Trips down memory lane bring joy to those who possess those memories. But they seldom hold the potential for addressing current reality. In the plateaued organization, this is often an unacknowledged barrier. Leaders who drift into descriptions of yesterday often do so because they’re unsure of what to do today. The world moved. Change has been constant, and now the playing field for today’s game looks much different than it once did. That’s why some leaders want to go back, or at least want yesterday’s solutions to solve the riddle of this moment.
But you can’t find usually your way forward looking in the rearview mirror. Yes, principles can often be gleaned from where we’ve been, but seldom can strategy be found there.
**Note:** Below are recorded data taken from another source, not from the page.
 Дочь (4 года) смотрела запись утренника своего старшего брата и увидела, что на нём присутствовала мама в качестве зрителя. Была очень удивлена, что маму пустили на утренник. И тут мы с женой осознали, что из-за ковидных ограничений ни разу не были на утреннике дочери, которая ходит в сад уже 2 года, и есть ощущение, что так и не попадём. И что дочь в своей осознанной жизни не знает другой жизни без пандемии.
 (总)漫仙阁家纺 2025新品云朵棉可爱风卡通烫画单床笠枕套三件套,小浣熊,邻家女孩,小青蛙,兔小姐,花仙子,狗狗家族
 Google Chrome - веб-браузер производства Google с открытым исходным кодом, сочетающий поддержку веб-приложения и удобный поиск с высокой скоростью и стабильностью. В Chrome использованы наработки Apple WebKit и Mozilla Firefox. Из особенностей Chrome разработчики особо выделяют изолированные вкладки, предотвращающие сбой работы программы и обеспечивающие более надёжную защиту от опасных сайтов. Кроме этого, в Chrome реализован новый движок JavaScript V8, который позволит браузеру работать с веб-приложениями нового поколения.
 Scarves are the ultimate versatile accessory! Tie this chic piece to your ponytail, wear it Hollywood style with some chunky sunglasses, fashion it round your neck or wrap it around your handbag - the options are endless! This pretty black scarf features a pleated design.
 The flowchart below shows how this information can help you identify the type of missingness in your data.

That’s why someone who is unencumbered by the past will step into our world and find the future more quickly and seemingly easily than those of us with a longer track record.
In the world of the church, I’ve always held that two of the documents that are valuable and necessary to our organization can also cripple that organization if we prize them too highly—your bylaws and your history book. These are necessary tools for keeping our proverbial feet on the ground, but spending too much time with them isn’t usually productive. These are documents that define yesterday and today. Seldom do they hold solutions for tomorrow.
In the same way, stories of the past may feel motivating to those who once lived them, but they do little for the rest of us. Frankly, we’d rather you describe a future we can’t yet see, than a past we never lived.
If you or the organization you lead is traversing a plateau, pretending that you’re still climbing isn’t fooling anyone. Sadly, for a host of possible reasons, it’s often the leader that’s among the last to acknowledge the current terrain.